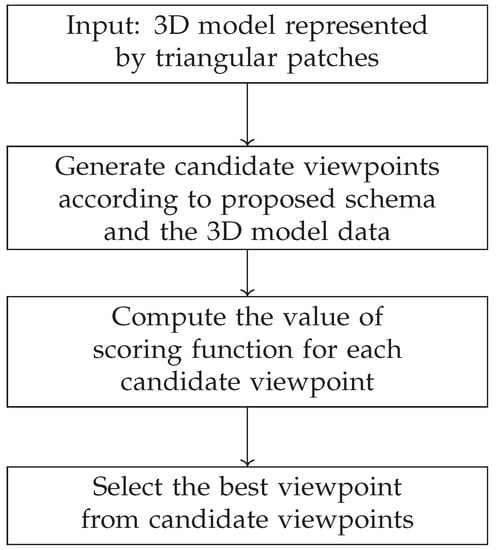 In this work, the starting point is a 3D CAD model of an assembly to be inspected. The first step is offline viewpoint selection, which is performed per object to be inspected. In the computer vision community, the viewpoint selection has been investigated. Examples are optimal 3D object recognition [6], grasp detection [7], human actions recognition [8], visual search [9], or global 3D reconstruction [10]. The problem of viewpoint selection is defined as generating candidate viewpoints and constructing scoring function for finding the best viewpoints with the highest score as presented by Liu et al. [11]. For reducing the search space, many authors use an approximate sphere [12] or a cylinder to generate the candidate viewpoints [11]. In our work, the candidate viewpoints are sampled over a sphere, therefore each viewpoint is at a safe distance from the center of mass of the element to be inspected, so as to comply with industrial security standards for ensuring the security of the inspected element as well as of the inspecting robot.
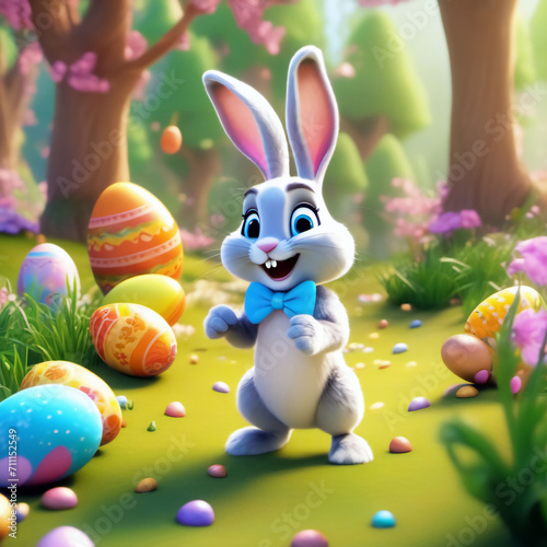 Easter. Easter bunny in 3D with chocolate eggs on a colorful background. Playful image created by AI.
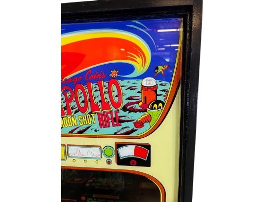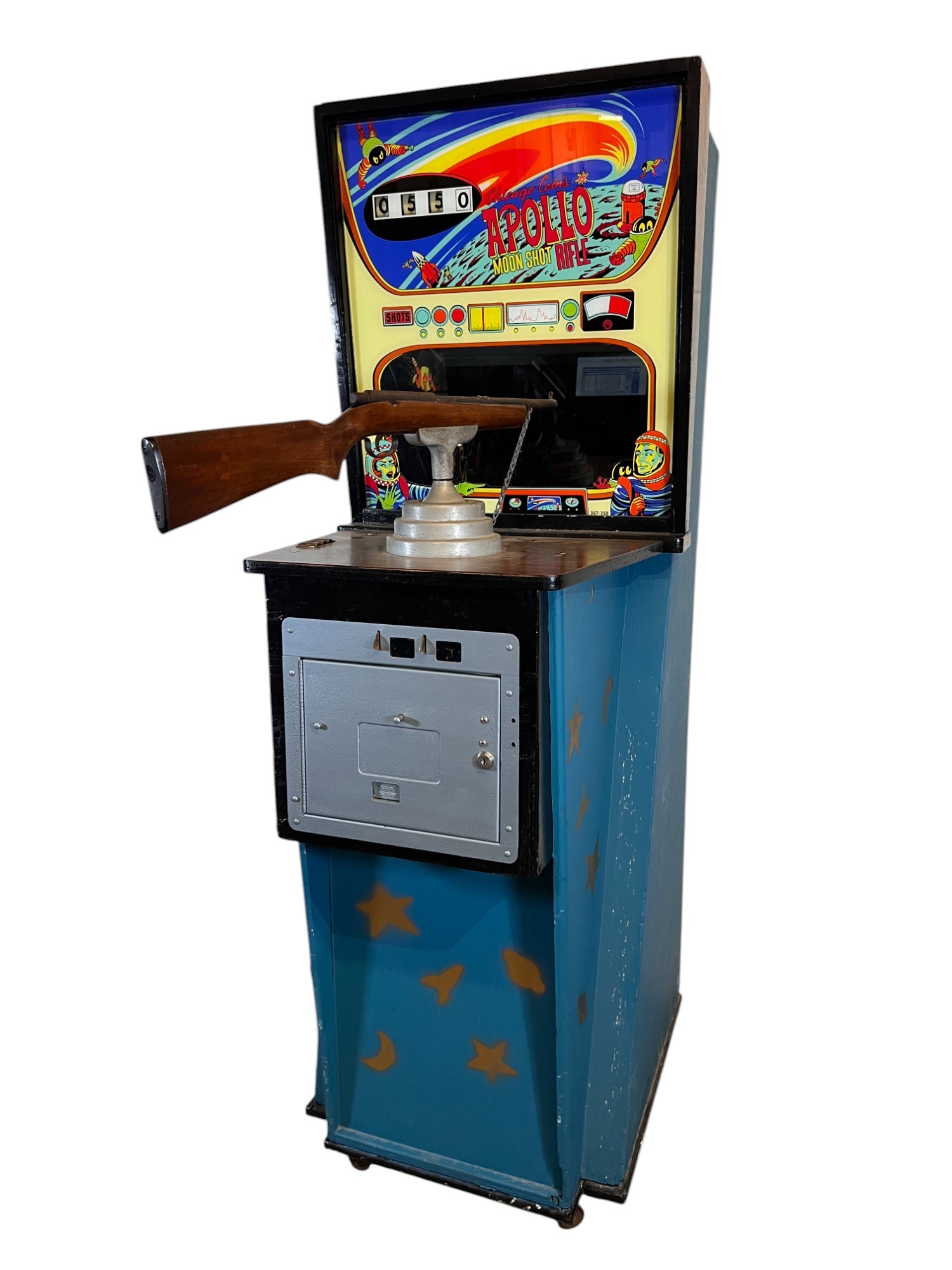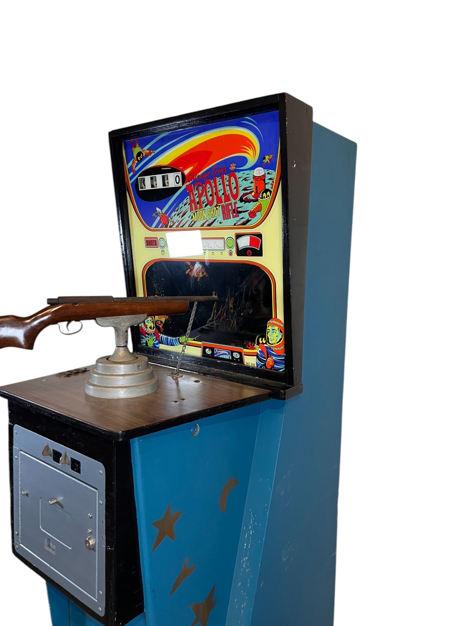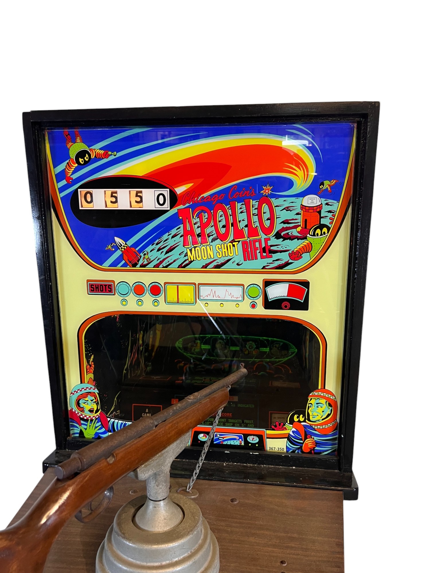 1960/70's vintage shooting game. 74" x 25 3/4" x 34" case Condition: Currently working at time of cataloging. Wear to wooden case. See photos Temp No 6763

[EXERCISE REQUIREMENTS] No image belongs in the copy. Transcribe the full listing verbatim.

[EXERCISE ANSWER]
 In this work, the starting point is a 3D CAD model of an assembly to be inspected. The first step is offline viewpoint selection, which is performed per object to be inspected. In the computer vision community, the viewpoint selection has been investigated. Examples are optimal 3D object recognition [6], grasp detection [7], human actions recognition [8], visual search [9], or global 3D reconstruction [10]. The problem of viewpoint selection is defined as generating candidate viewpoints and constructing scoring function for finding the best viewpoints with the highest score as presented by Liu et al. [11]. For reducing the search space, many authors use an approximate sphere [12] or a cylinder to generate the candidate viewpoints [11]. In our work, the candidate viewpoints are sampled over a sphere, therefore each viewpoint is at a safe distance from the center of mass of the element to be inspected, so as to comply with industrial security standards for ensuring the security of the inspected element as well as of the inspecting robot.
 Easter. Easter bunny in 3D with chocolate eggs on a colorful background. Playful image created by AI.
 1960/70's vintage shooting game. 74" x 25 3/4" x 34" case Condition: Currently working at time of cataloging. Wear to wooden case. See photos Temp No 6763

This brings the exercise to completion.